Exercise directions: Nothing but the lines below from the one that contains "子ども達が「目を大切にする行" through the one that contains "Toppen dekorerad kaka" should be retyped, exactly and including both ends. Do not include pictures.

Provided material:
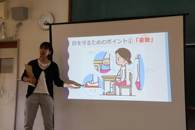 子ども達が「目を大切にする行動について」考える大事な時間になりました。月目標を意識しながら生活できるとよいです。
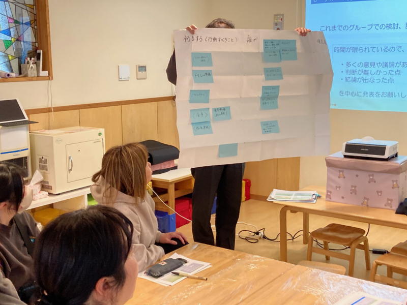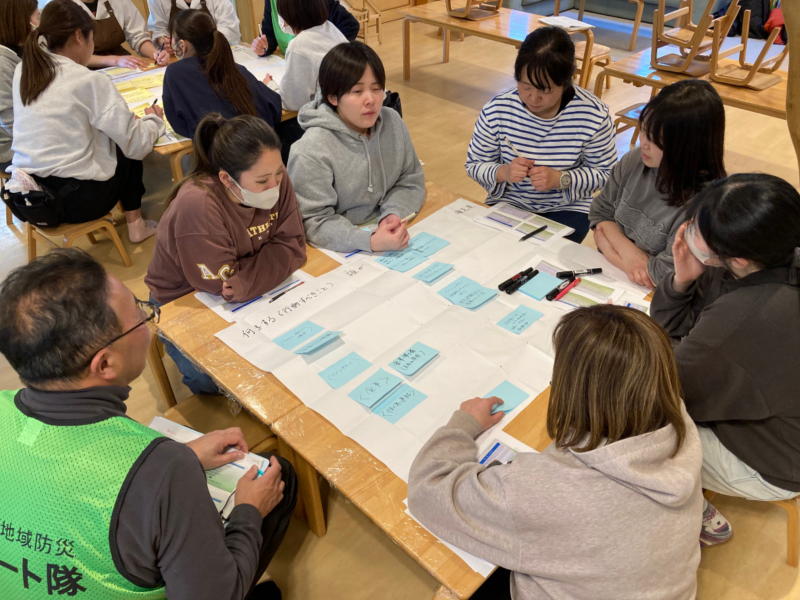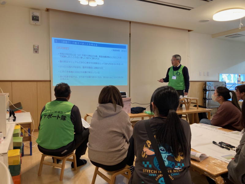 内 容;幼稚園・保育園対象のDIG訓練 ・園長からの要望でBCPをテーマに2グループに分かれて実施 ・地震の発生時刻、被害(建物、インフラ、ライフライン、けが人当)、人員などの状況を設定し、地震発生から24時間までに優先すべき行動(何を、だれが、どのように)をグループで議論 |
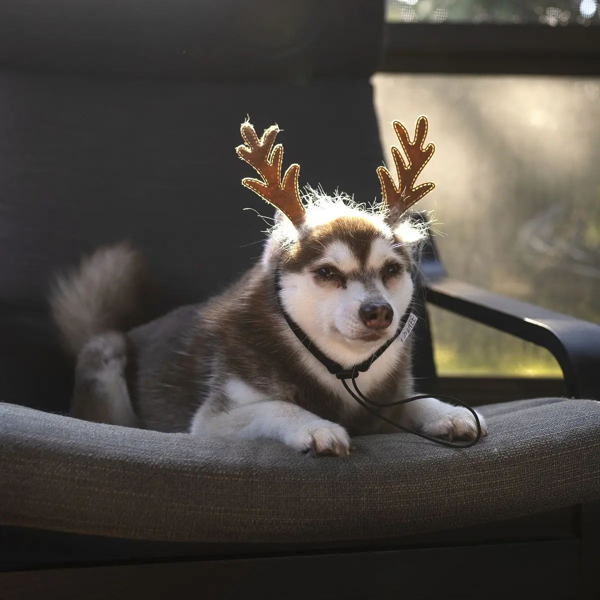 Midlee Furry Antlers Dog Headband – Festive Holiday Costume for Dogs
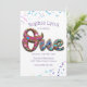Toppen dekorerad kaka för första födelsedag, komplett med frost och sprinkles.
...
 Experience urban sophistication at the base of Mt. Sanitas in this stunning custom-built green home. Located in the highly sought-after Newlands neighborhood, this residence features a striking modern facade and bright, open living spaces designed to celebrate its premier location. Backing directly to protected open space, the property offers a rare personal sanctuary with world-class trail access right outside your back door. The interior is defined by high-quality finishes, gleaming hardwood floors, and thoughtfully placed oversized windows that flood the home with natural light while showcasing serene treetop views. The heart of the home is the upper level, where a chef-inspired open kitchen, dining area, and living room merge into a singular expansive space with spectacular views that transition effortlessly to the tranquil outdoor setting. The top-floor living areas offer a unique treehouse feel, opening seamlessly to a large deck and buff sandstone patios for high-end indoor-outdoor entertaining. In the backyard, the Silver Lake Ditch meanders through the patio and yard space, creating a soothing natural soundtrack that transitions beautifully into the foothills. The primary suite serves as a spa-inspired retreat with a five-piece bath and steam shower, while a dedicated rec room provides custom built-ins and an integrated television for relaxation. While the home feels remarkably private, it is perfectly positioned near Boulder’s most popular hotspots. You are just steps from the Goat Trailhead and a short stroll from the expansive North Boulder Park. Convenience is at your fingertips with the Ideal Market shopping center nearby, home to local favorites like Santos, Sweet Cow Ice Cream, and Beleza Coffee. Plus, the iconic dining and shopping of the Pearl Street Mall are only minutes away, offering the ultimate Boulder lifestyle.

Solution to the problem:
 子ども達が「目を大切にする行動について」考える大事な時間になりました。月目標を意識しながら生活できるとよいです。
 内 容;幼稚園・保育園対象のDIG訓練 ・園長からの要望でBCPをテーマに2グループに分かれて実施 ・地震の発生時刻、被害(建物、インフラ、ライフライン、けが人当)、人員などの状況を設定し、地震発生から24時間までに優先すべき行動(何を、だれが、どのように)をグループで議論 |
 Midlee Furry Antlers Dog Headband – Festive Holiday Costume for Dogs
Toppen dekorerad kaka för första födelsedag, komplett med frost och sprinkles.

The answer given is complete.